R1 Therapeutics Raises $77.5M Series A to Advance Kidney Disease Drug

The chronic kidney disease (CKD) market remains one of the most underserved segments in pharma, with hyperphosphatemia driving morbidity and hospitalizations. Existing phosphate binders such as sevelamer and Renvela require multiple daily pills and achieve modest target‑achievement rates. R1 Therapeutics' $77.5 million Series A, led by Abingworth, F‑Prime and DaVita Venture Group, signals strong investor confidence in a differentiated approach. By targeting the active transport of phosphate, the company hopes to reduce pill burden while improving biochemical control, a combination that could reshape standard of care for CKD patients worldwide.

AP306, the lead candidate acquired from Chugai and sublicensed by Alebund Pharmaceuticals, is the first pan‑phosphate transporter inhibitor that blocks the active uptake pathway. In a Phase 2a study conducted in China, the drug lowered serum phosphate more effectively than Renvela, with roughly 20 % more patients reaching KDIGO‑recommended levels. The trial’s favorable safety profile and reduced tablet count underpin R1’s claim of a lower pill burden. A global Phase 2b trial, co‑managed with Alebund, is slated to start later this year, expanding enrollment beyond Greater China.
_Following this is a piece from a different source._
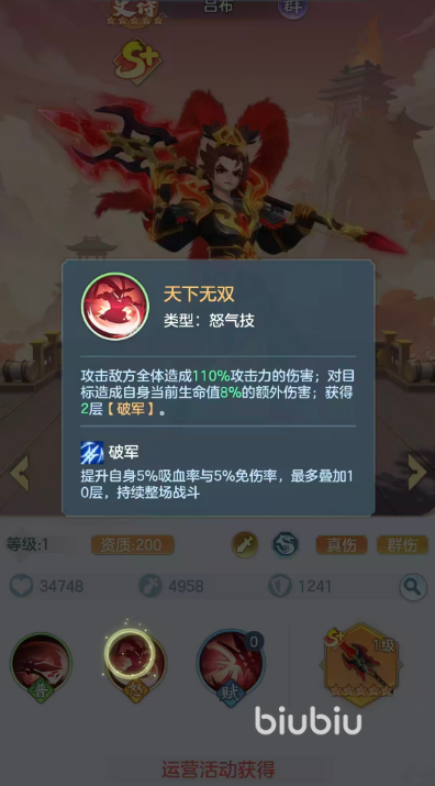 从基础属性来看,吕布的初始品质即为S+,是当前游戏中武力值最高的角色之一。他所佩戴的专属武器“方天画戟”为其提供了高达11万点生命值提升和超过1万点的攻击力加成。同时,该武器还赋予其1%的生命、攻击与防御三项基础属性增益,进一步强化了他在战场上的生存与输出能力。
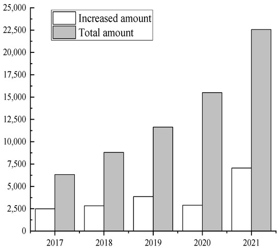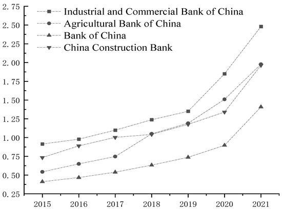 According to Data from China Statistical Yearbook, China Research Data Service Platform and other relevant databases, the green finance index of China’s provinces and regions is currently rising year by year, with Beijing having the largest increase, from 0.19 in 2001 to 0.84 in 2020; green credit in the market accounts for 90% of green financing. By the end of 2021, the total balance of green loans in China was CNY 15.9 trillion, 12.7% higher than the end of 2020; in addition, funds invested in carbon emission reduction and other green loan projects accounted for 67% of the green loan balance, taking into account the four major state-owned banks, Bank of China, Agricultural Bank of China, Industrial and Commercial Bank of China and China Construction Bank. We used the following Figure 1 to show the table of green credit of the four major banks during 2015–2021: green bonds, green funds, green insurance, carbon finance, etc. Accounting for only 10% of green financing, green bonds currently have a stock size of CNY 1.16 trillion and the number of issues is about 560, with a year-on-year growth of more than 100%. Green insurance mainly contributes to the development of low-carbon agriculture, with the amount of green insurance close to CNY 45 trillion in the past three years.

The sizable Series A round places R1 among a wave of biotech firms attracting late‑stage capital for niche renal therapies. Investors such as DaVita see strategic alignment with dialysis services, while venture firms anticipate a multi‑billion‑dollar market for next‑generation phosphate control. If AP306 confirms its Phase 2b advantage, it could command premium pricing and fast‑track regulatory pathways, given the high unmet need. Moreover, the partnership model with Alebund illustrates a growing trend of cross‑border collaborations that de‑risk development while preserving regional rights. Success would not only validate R1’s science but also reinforce confidence in specialty kidney‑focused investments.